PROBLEM TO WORK ON —
A word-for-word copy of the following listing is needed. Leave out its images.

DATA SECTION —
::::::
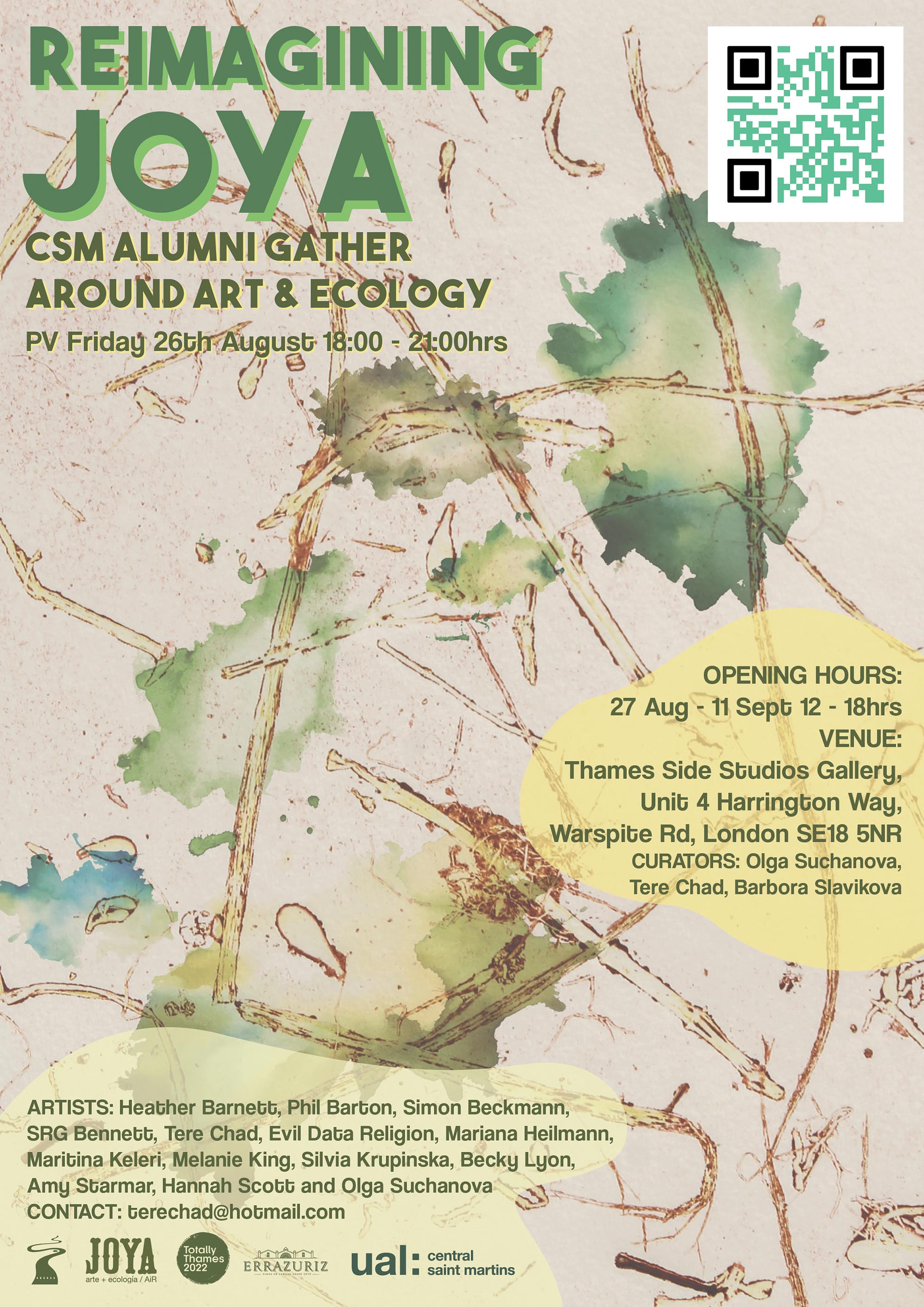 Reimagining Joya is an exhibition inspired by the experiences and artistic responses of a group of artists who have all participated in Joya: Art + Ecology / AiR residency. Joya is a multidisciplinary arts residency, which offers a place to develop creativity in the natural environment of Andalucía in Spain. The curators, Olga Suchanova, Tere Chad and Barbara Slavikova, have selected a body of works which explore the way we inhabit, survey, feel, and relate to the natural landscape and its living creatures. During the exhibition the artists will be hosting the following workshops and public events:
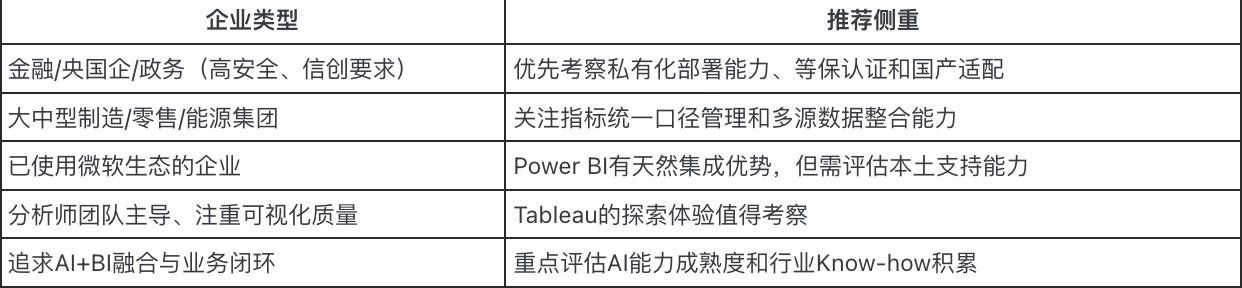 适合场景:有灵活探索分析需求、对内存计算有偏好的团队,或国际化环境中的中型企业。三、选型建议
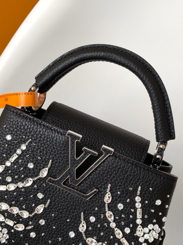 高再現度で仕上げた本モデルは、細部のクオリティにこだわった一点です。ルイ・ヴィトンのカプシーヌBBをベースに、深みのあるブラックレザーにクリスタルビジュー刺繍を立体的に施し、華やかな輝きと洗練された雰囲気をブランド コピー仕様ながら見事に再現しています。金具の質感、ステッチの精密さ、フォルムの均整まで丁寧に作り込まれ、「ブラックの落ち着きが上品で合わせやすい」といった声も寄せられています。ハンド・ショルダー両用の2WAYデザインで実用性も高く、2025新作らしい高級感仕上げが魅力。安心の日本倉庫発送で口コミ多数の人気モデルです。
::::::
SOLUTION FOR THIS TASK —
 Reimagining Joya is an exhibition inspired by the experiences and artistic responses of a group of artists who have all participated in Joya: Art + Ecology / AiR residency. Joya is a multidisciplinary arts residency, which offers a place to develop creativity in the natural environment of Andalucía in Spain. The curators, Olga Suchanova, Tere Chad and Barbara Slavikova, have selected a body of works which explore the way we inhabit, survey, feel, and relate to the natural landscape and its living creatures. During the exhibition the artists will be hosting the following workshops and public events:
 适合场景:有灵活探索分析需求、对内存计算有偏好的团队,或国际化环境中的中型企业。三、选型建议
 高再現度で仕上げた本モデルは、細部のクオリティにこだわった一点です。ルイ・ヴィトンのカプシーヌBBをベースに、深みのあるブラックレザーにクリスタルビジュー刺繍を立体的に施し、華やかな輝きと洗練された雰囲気をブランド コピー仕様ながら見事に再現しています。金具の質感、ステッチの精密さ、フォルムの均整まで丁寧に作り込まれ、「ブラックの落ち着きが上品で合わせやすい」といった声も寄せられています。ハンド・ショルダー両用の2WAYデザインで実用性も高く、2025新作らしい高級感仕上げが魅力。安心の日本倉庫発送で口コミ多数の人気モデルです。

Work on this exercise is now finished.